/---

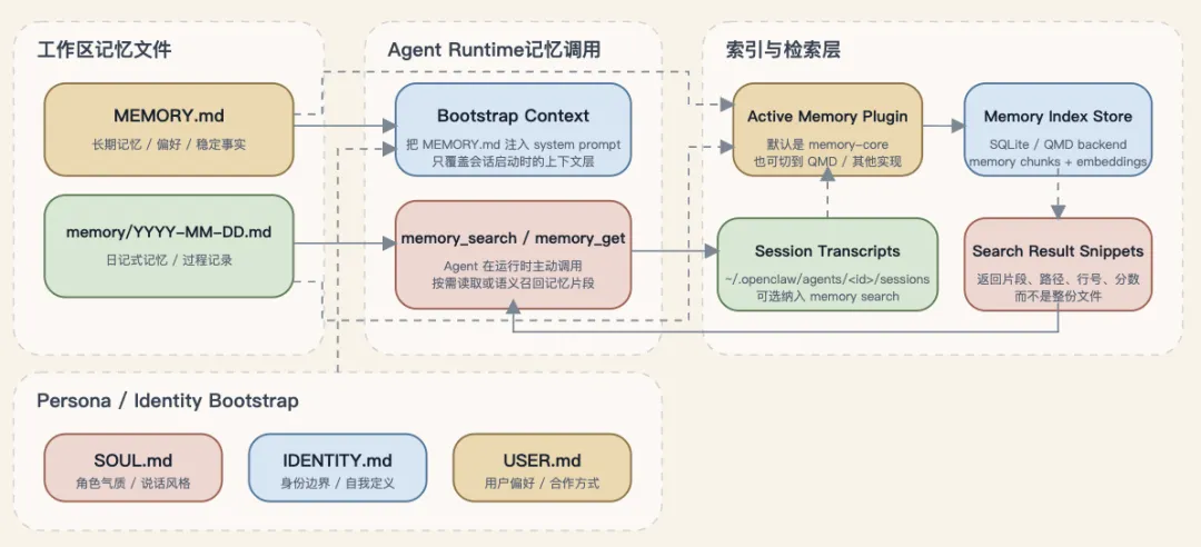 值得一提的是,关于“小龙虾”的个性设定文件(如SOUL.md / IDENTITY.md / USER.md等),尽管它们也作为启动时的人设上下文,但并未纳入memory_search的索引体系,因此在严格意义上不算是记忆,而应归类为人格/身份注入。
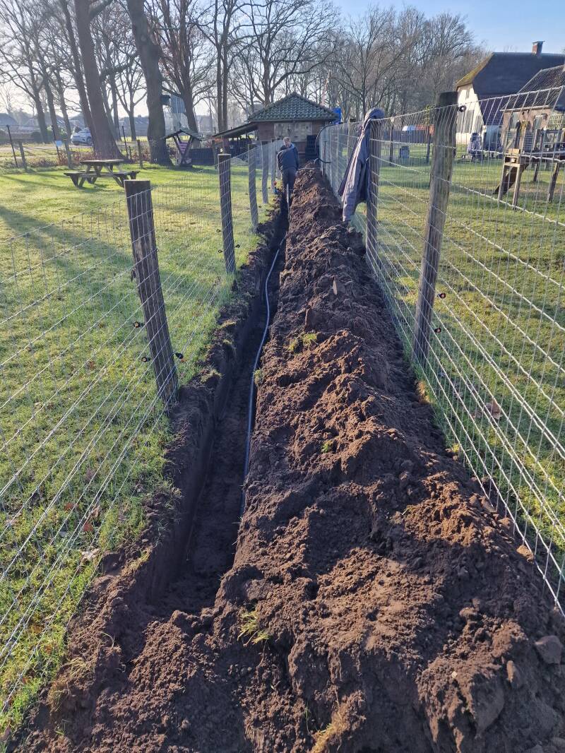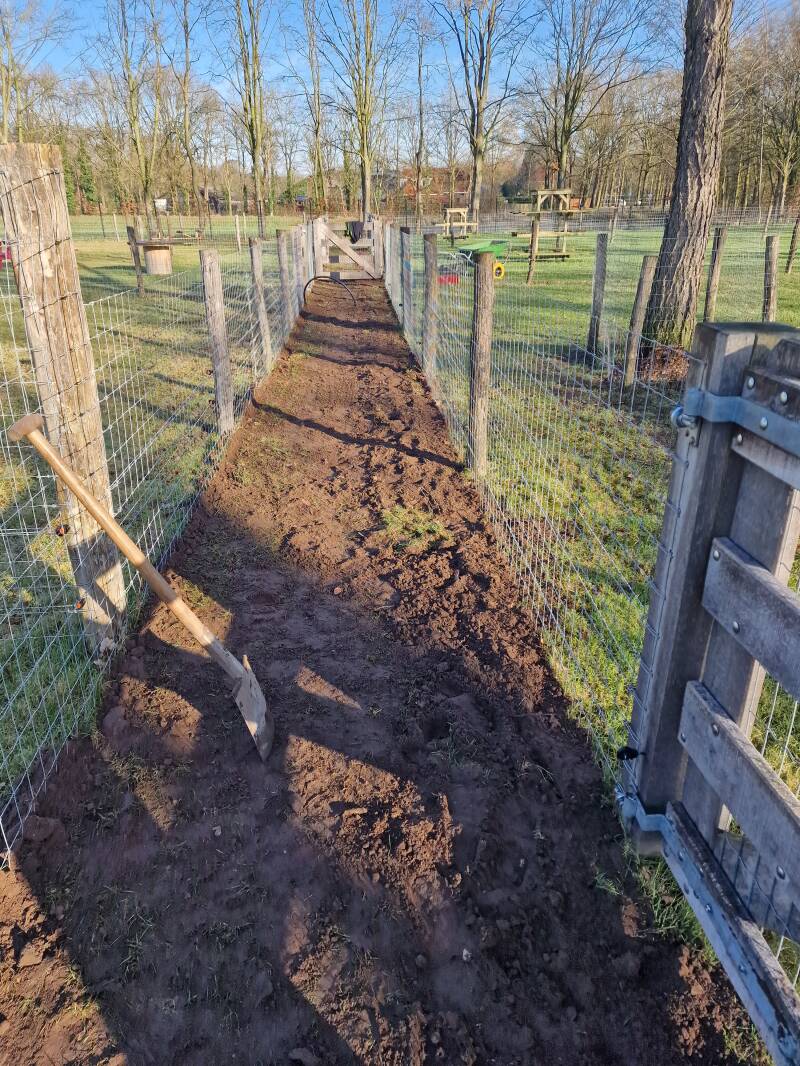 Het was een heuse klus, maar na een dag graven is het ons toch gelukt! De slangen liggen in ieder geval in de grond. We hebben ervoor gekozen om de slangen door het gangpad te laten lopen. Door deze 'gang' kunnen de dwerggeiten vanuit de stal naar de toegewezen weide lopen.
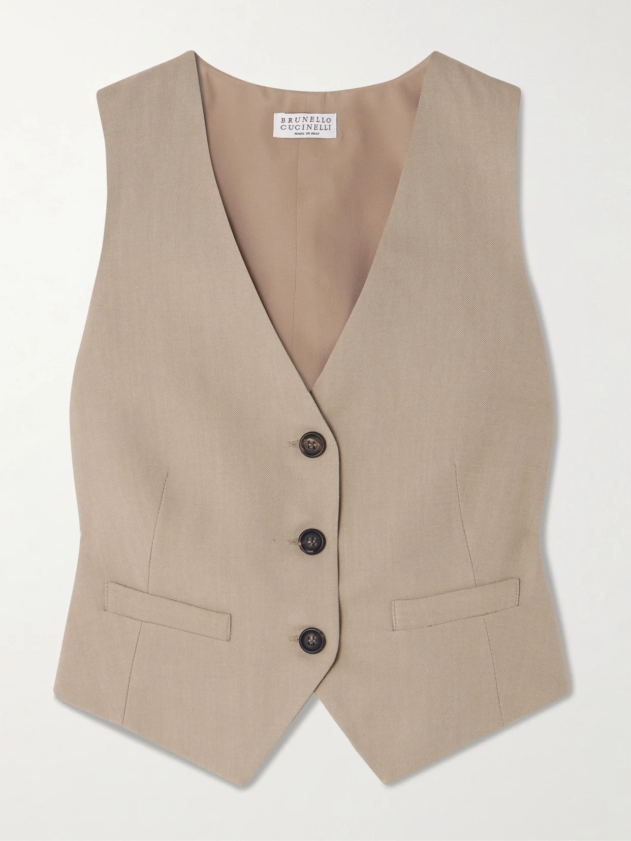 EXCLUSIVE AT NET-A-PORTER. Brunello Cucinelli's vest has been made in Solomeo, a medieval Italian hamlet that's served as the brand's base for four decades. It's cut from twill with touches of linen and has a buckled back tab and Monili beads along the neck. Wear yours solo or as part of a three-piece suit.

\---

All of the data is to be returned exactly, with no pictures included.

**EXERCISE OUTPUT**
 值得一提的是,关于“小龙虾”的个性设定文件(如SOUL.md / IDENTITY.md / USER.md等),尽管它们也作为启动时的人设上下文,但并未纳入memory_search的索引体系,因此在严格意义上不算是记忆,而应归类为人格/身份注入。
 Het was een heuse klus, maar na een dag graven is het ons toch gelukt! De slangen liggen in ieder geval in de grond. We hebben ervoor gekozen om de slangen door het gangpad te laten lopen. Door deze 'gang' kunnen de dwerggeiten vanuit de stal naar de toegewezen weide lopen.
 EXCLUSIVE AT NET-A-PORTER. Brunello Cucinelli's vest has been made in Solomeo, a medieval Italian hamlet that's served as the brand's base for four decades. It's cut from twill with touches of linen and has a buckled back tab and Monili beads along the neck. Wear yours solo or as part of a three-piece suit.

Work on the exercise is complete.